Wir müssen immer die zwei zueinander gehörenden Teile kennen - also immer auch Kenntnis vom Gegenteil haben - um zu erkennen, was mit dem Wort OBEN und/oder UNTEN gemeint ist, damit wir die Bedeutung dieser Wörter verstehbar anwenden können.

 

Was dem Einzelnen diesbezüglich bewusst werden sollte ist:  die Gegenteile von jedem Polaritäten-Pärchen bedingen einander und können darum auch nie voneinander getrennt auftreten und wirken.

 

Anders ausgedrückt ist es ausgeschlossen, dass ein Teil ohne den Anderen, ohne sein Gegenüber, sein Gegenteil existieren könnte. Mit dieser Erkenntnis kann auch begriffen werden, dass die Gegenteile ´immer gleichzeitig´ als eine Art unsichtbare EINHEIT existieren und zu "verst-ehe-n" sind.

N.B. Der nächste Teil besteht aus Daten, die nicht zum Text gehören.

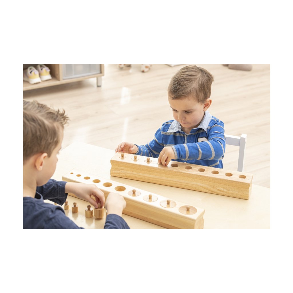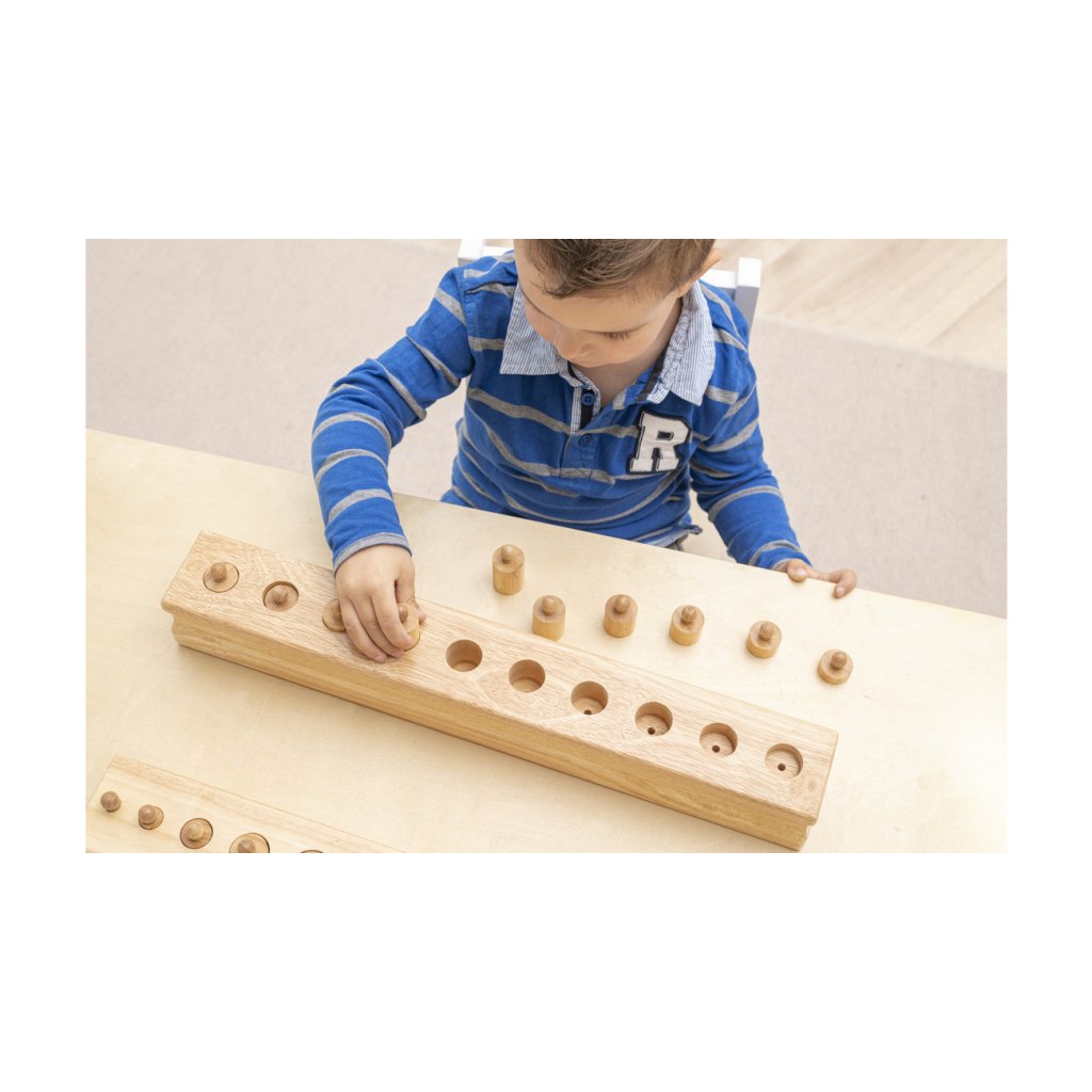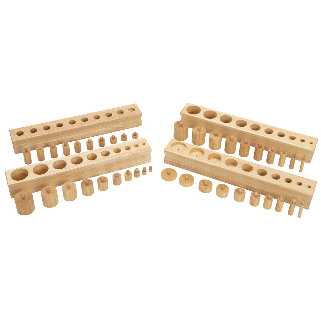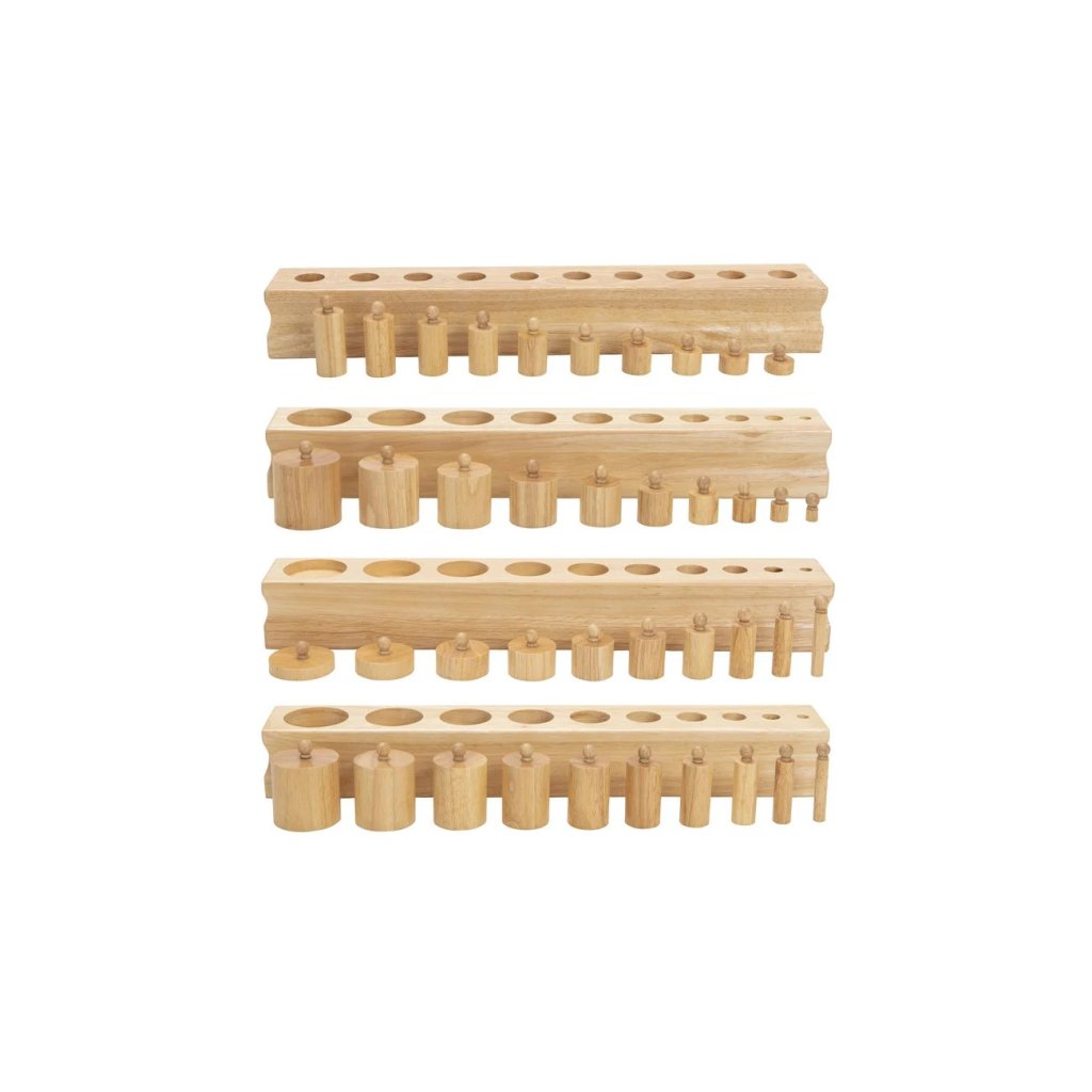 Montessori válečky s úchyty od značky Betzold patří mezi klíčové pomůcky smyslové výchovy. Sada obsahuje čtyři masivní dřevěné bloky, z nichž každý má 10 různě tvarovaných válečků s úchyty. Bloky jsou odstupňovány podle typu rozměrové změny a navazují na Montessori princip izolace vlastnosti – dítě se tak učí vnímat a porovnávat výšku, průměr i kombinaci obojího.

Wird ein Teil negiert und nicht als gleichzeitig existierend (als)wahr(an)genommen, kommt es zu einer einseitigen und damit disharmonischen Wirkung -als wechselndes Auf- und Ab- bzw. Hin- und Herschwingen- bis sich der Einzelne dessen bewusst wird und auch den zweiten Teil -als gleichwertig- er- und anerkennt.

 

Sich in der Tiefe bewusst zu werden, dass das jeweilige Gegenteil ´von allem Wahrnehmbaren´ immer gleichzeitig im Hintergrund existiert - ermöglicht, das gewohnte einseitige automatische Beurteilen, Interpretieren.... zunehmend schneller zu bemerken.

 

Warum haben wir bisher den existierenden zweiten Teil, den Gegenteil nicht gleichzeitig wahrgenommen?

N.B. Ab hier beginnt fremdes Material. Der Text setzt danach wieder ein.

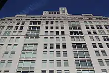 There are large windows, many of which contain small balconies.[16][28] The windows were intended to appeal to buyers while also retaining the character of the limestone facades.[20] Some of the windows are narrower than the others, indicating the internal arrangement of each apartment.[26] The southern elevation of the Tower is visible from Columbus Circle two blocks away. The center of the Tower's southern elevation contains a vertical strip of bay windows, emphasizing the building's vertical dimension.[32] On the Tower's western elevation, there is a deep indentation at the center of the facade, just above the retail podium on Broadway.[33]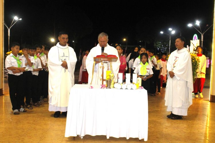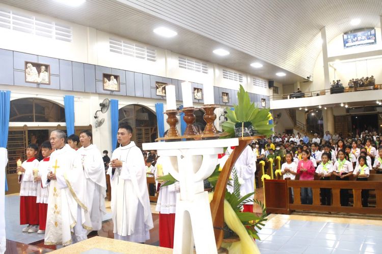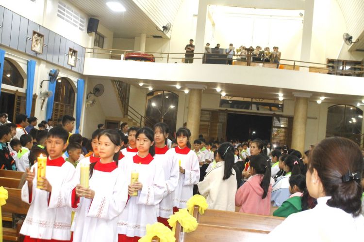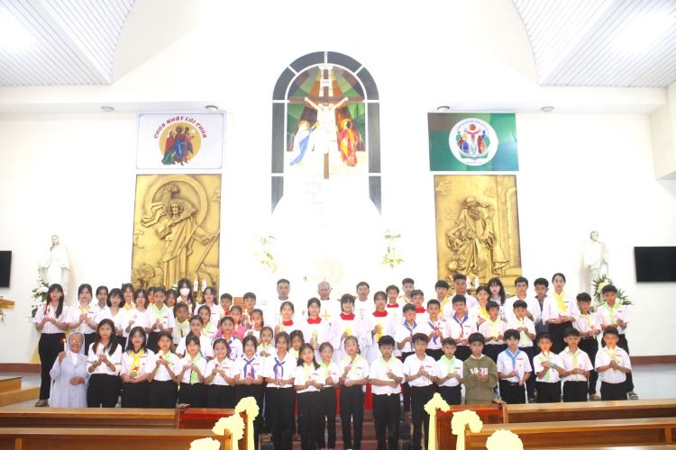 Cùng đồng tế có cha phó Augustino Phan Minh Danh và cha Phêrô Nguyễn Trung Hiếu, SDB, với sự có mặt đông đảo của các em thiếu nhi, đặc biệt nhóm ơn gọi của giáo xứ.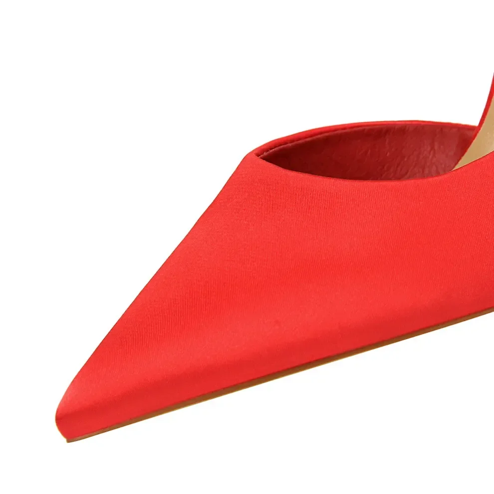 נעלי עקב משי סאטן שפיץ בעיצוב צד פתוח - רויה

Weil wir das Be-ur-teilen und Interpretieren automatisch von unseren Vorbildern übernommen haben - so, wie es unsere Vorbilder von ihren Vorbildern übernommen haben. Das ist wirklich gemeint, wenn in der Bibel von der Erbsünde die Rede ist. Darum haben wir auch die, uns individuell umgebenden Lebensumstände überwiegend als Disharmonien erlebt und aus fehlender Kenntnis der Zusammenhänge "unbewusst" auch selbst dafür gesorgt, dass die eigenen Lebensumstände mal mehr - mal weniger disharmonisch bleiben - denn mit der automatisch funktionierenden, noch begrenzten Logik haben wir das einseitige berechnende Be-Ur-Teilen, Interpretieren, Analysieren, Differenzieren, Kommentieren... und somit das begrenzte Wahrnehmen... als normal betrachtet - weil es ja scheinbar alle so machen.

 

Wer HIER & JETZT nur das (als)wahr(an)nimmt was die eigene, automatisch funktionierende begrenzte Logik erlaubt, grenzt automatisch all das aus, was darüber hinaus wahrgenommen werden könnte.

 

Da die normale, automatisch agierende Logik begrenzt ist, erzeugt sie immer nur ein gedankliches Hin- und Herschwanken = ZWEIfeln (entzwei fallen), ohne sich dessen selbst bewusst zu sein, dass ´wie und warum´ diese disharmonischen Umstände durch die eigenen Formulierungen selbst hervorgerufen >WERDEN<.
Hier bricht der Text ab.